The politics of natural resource management and sustainable place making

31 May 2013

Karin Beland Lindahl is a Researcher at the Department of Urban and Rural Development, Swedish University of Agricultural Sciences.  She is spending four months at the Sustainable Places Research Institute, Cardiff University.  While at the Institute, Karin is developing an analytical framework that will be used to explore the prospects of new mining operations in the Swedish rural North.

Her research interests include the politics of natural resource management and sustainable place making. Karin is currently in the start-up phase of two research projects: Mining in the Swedish mountains: exploring long term sustainability pathways, and Governing competing demands on forests. The latter is part of a Swedish interdisciplinary research programme Future Forests.  Both projects are about linking social and ecological systems, understanding conflicts and trade-offs between competing interests, identifying governance tools that support pathways to sustainability and involving actors in the research/policy making process in meaningful ways.  So far, most of her research has focused on understanding natural resource management policy and policy conflicts, using interpretive methods such as frame analysis.  The projects represent a logical extension as they focus on understanding conflicting interests and exploring ways forward in a deliberative process involving the actors. 

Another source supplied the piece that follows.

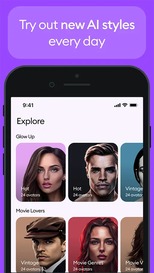 يقدم برنامج تحويل الصور بالذكاء الاصطناعي Dawn Ai قوالب جاهزة للاستخدام حيث يمكنك اختيار القالب او التصميم الذي يعجبك وادراج الصور الخاصة بك في التطبيق وبدا المعالجة وسوف تجد الصور الخاصة بك تمت معالجتها بطريقة رائعة وملامح وجهك تظهر بصورة واضحة في التصميم الذي قمت بتحديده, حجم التطبيق لا يتخطى الـ 53 ميجا بايت وهذا حجم متوسط بلس بالكبير ومقارنة بالتطبيقات الأخرى في القائمة سهو حجم مناسب بالنسبة لخدماته.

The analytical framework being developed will be used to explore the prospects of new mining operations in two communities in the Swedish rural North.  The communities selected for study are historically shaped by large scale resource management (hydro power production and forestry) but face an uncertain future due to restructuring of the traditional resource sectors, an unfavourable demographic structure and their remote location.  Now, large deposits of ore, nickel and other minerals have been found in the region which is also recognised for its high nature conservation values.  Consequently, the mining plans are contested and a key question is if, and under what conditions, mining can constitute a pathway to sustainability?

Karin is delivering a research seminar on this work at the Institute on Wednesday 19 June.